O otimismo com aquecimento das vendas a partir de maio é vivido por diversos segmentos, mas alguns setores, impulsionados por datas especiais, apostam todas as fichas para lucrar mais neste ano. A expectativa é a de que a Copa do Mundo, Dia das Mães e dos Namorados provoquem um boom na venda de televisores, celulares, lingeries, móveis, puffs e produtos da linha branca, como fogões, micro-ondas e geladeiras, em 2010.
Com a proximidade da Copa do Mundo, que acontecerá na África do Sul em junho, os comerciantes acreditam que os clientes renovarão os aparelhos televisores para assistirem aos jogos. Elton Alves, gerente da J.Mafhuz, espera incremento de 30% nas vendas do produto. Em períodos comuns, a loja registra saída de até 40 unidades por mês e espera ultrapassar 50 televisões a partir de maio até o fim da Copa. “Estou há 12 anos na loja e a Copa deste ano será a quarta que acompanharei. Os clientes sempre querem trocar a televisão velha para ver os jogos num aparelho melhor, mais moderno”, disse Elton.
A procura por aparelhos celulares para presentear as mães tende a ser maior a partir do próximo mês. A J.Mafhuz pretende vender 500 aparelhos celulares em maio, bem próximo dos mais de 600 vendidos em dezembro passado e mais que em meses sem datas especiais quando vende de 200 a 280 unidades.

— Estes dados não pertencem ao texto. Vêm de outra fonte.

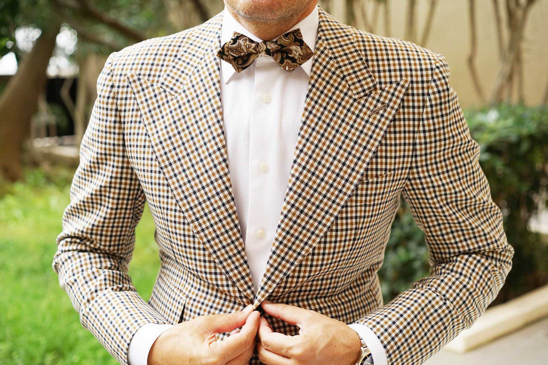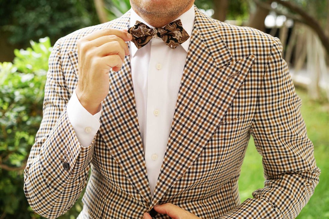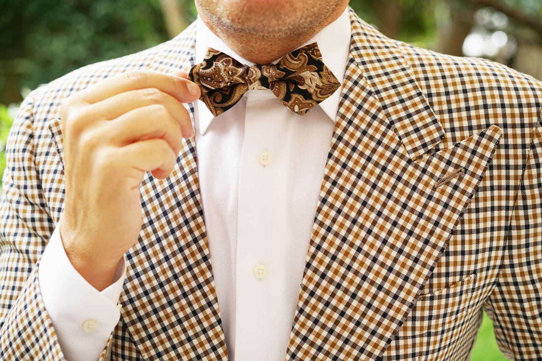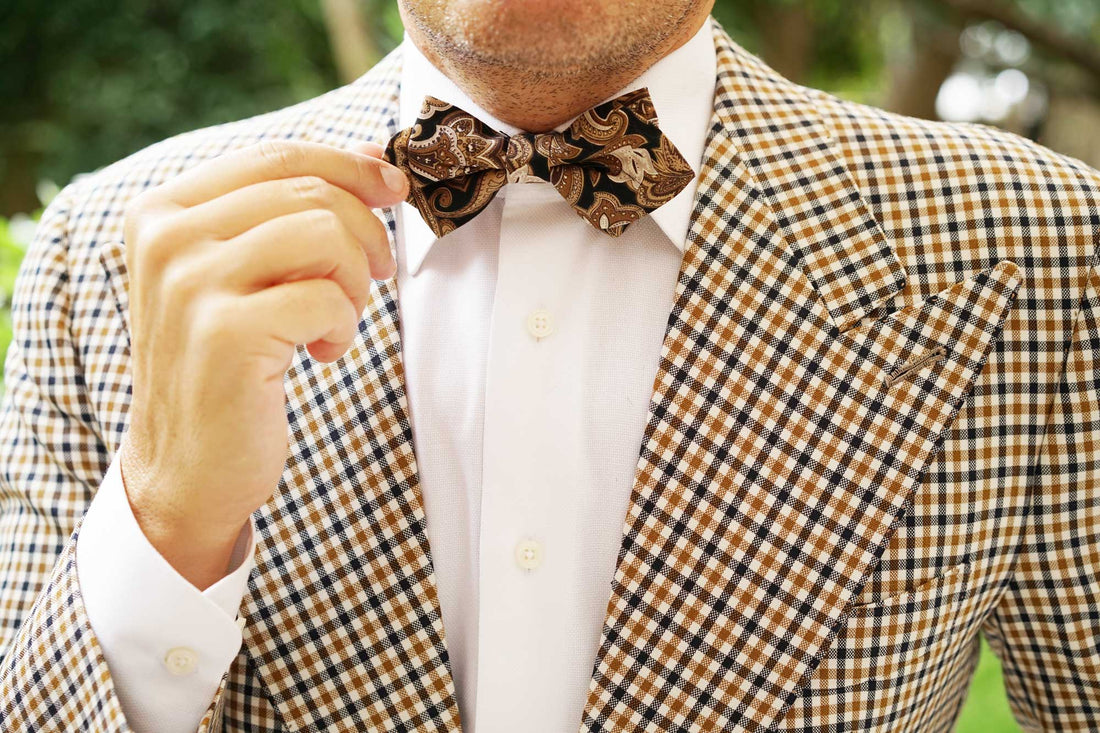 Paisley patterns have long held regal associations; they were reserved for noble regalia in Ancient Persia, and in Europe, they were high in-demand during the 17th century. Finessed with an intricate floral paisley design, this diamond bowtie features various tones of brown and beige atop an indulgent black background. Stitched by hand and tailored with elegance, the Filicudi Brown Paisley Diamond Pre-Tied Bowtie showcases the label's dedication to world class quality. Designed exclusively by the Brothers at OTAA.
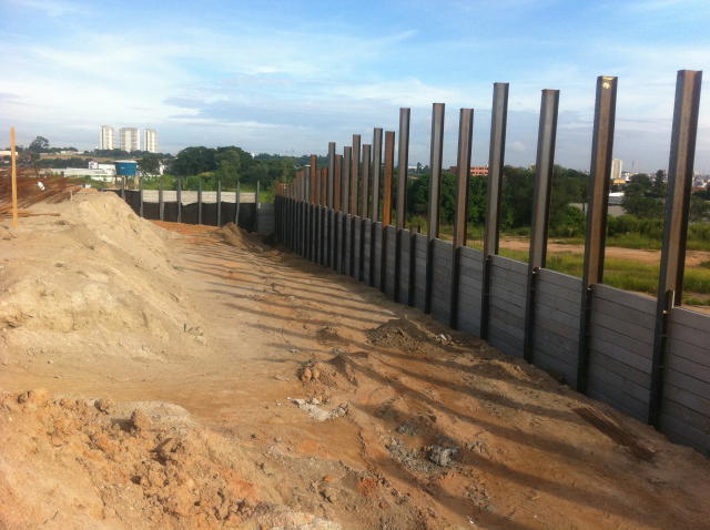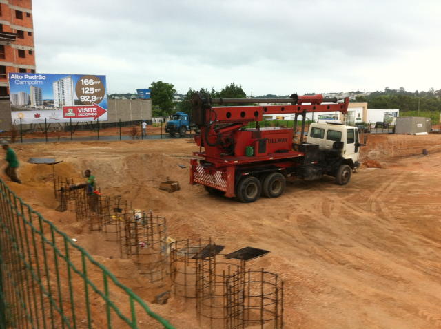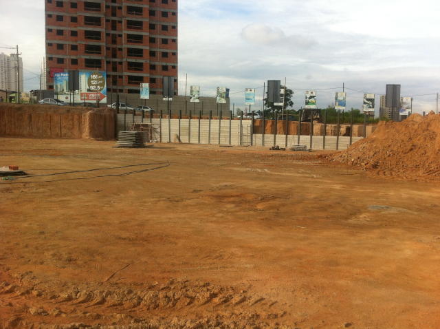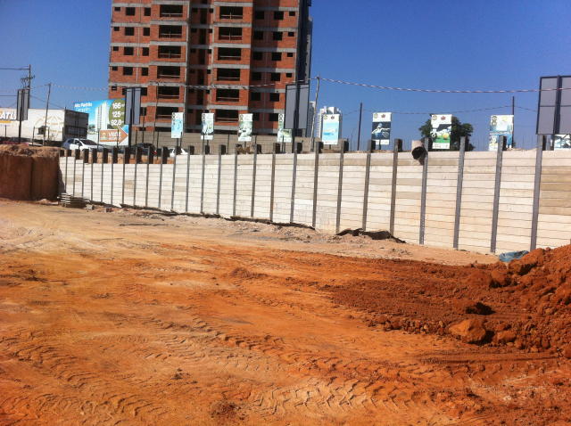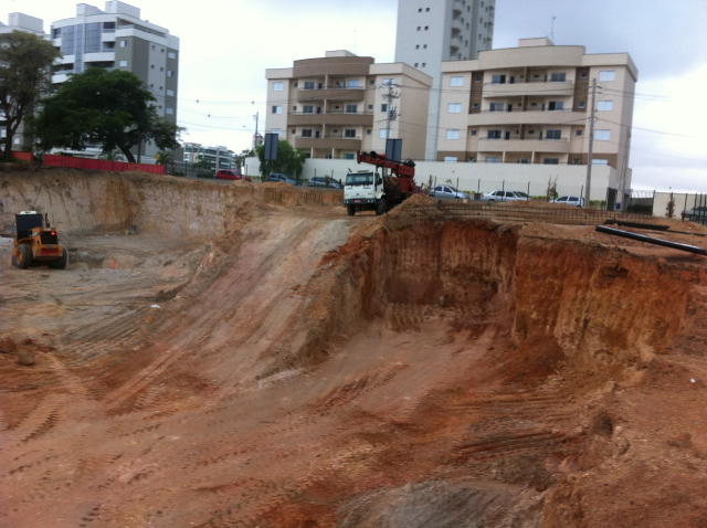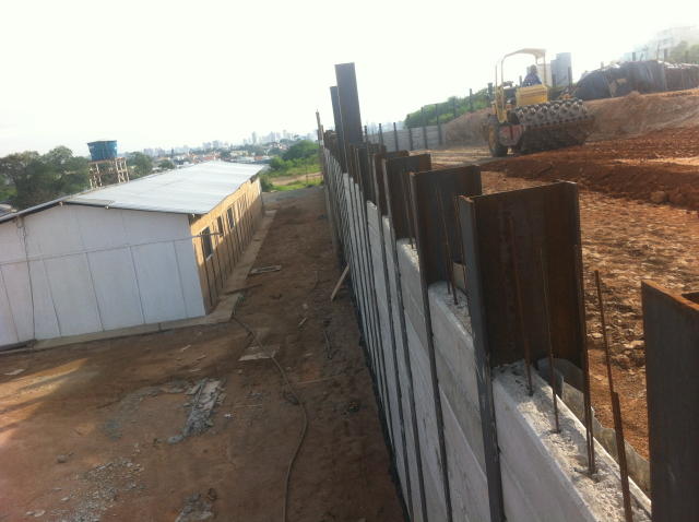| - Foto em 08/05/2014 - Contenções concluídas, e fundação em andamento. | |
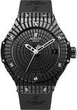 41mm polished black ceramic case, sapphire crystal back, polished black ceramic bezel, black composite resin lateral inserts and bezel lugs, polished black ceramic dial, self winding HUB 1112 movement, approximately 42 hours of power reserve, black rubber strap with deployant buckle. Water resistant to 100 meters.

A loja da operadora de celulares Oi, no Franca Shopping, também se prepara para o mês das mães com aposta de incremento nos negócios. “Em oito funcionários vendemos R$ 60 mil em aparelhos por mês. Queremos aumentar a quantidade para pelo menos R$ 80 mil em maio (33,4% a mais). O mercado está bem aquecido. As pessoas estão investindo em novos aparelhos e querem novidades em comunicação, como o Ipod”, disse a vendedora Aline Lopes.
NOVIDADES
De olho no maior evento futebolístico realizado no mundo, fábricas de lingerie, moda praia e fitness de Franca resolveram criar adereços alusivos à Copa do Mundo. Apostam em estampas da bandeira brasileira e cores da seleção - verde, azul e amarelo - para aquecer as vendas de tops, conjuntos de lingeries e também peças íntimas masculinas. “Produzimos três mil peças de lingeries com o tema Copa, mil a mais do que o volume fabricado para a Copa de 2006”, disse Sueli Silva, diretora da Frelith, que estima aumento de 30% nos pedidos no próximo mês em relação a maio do ano passado.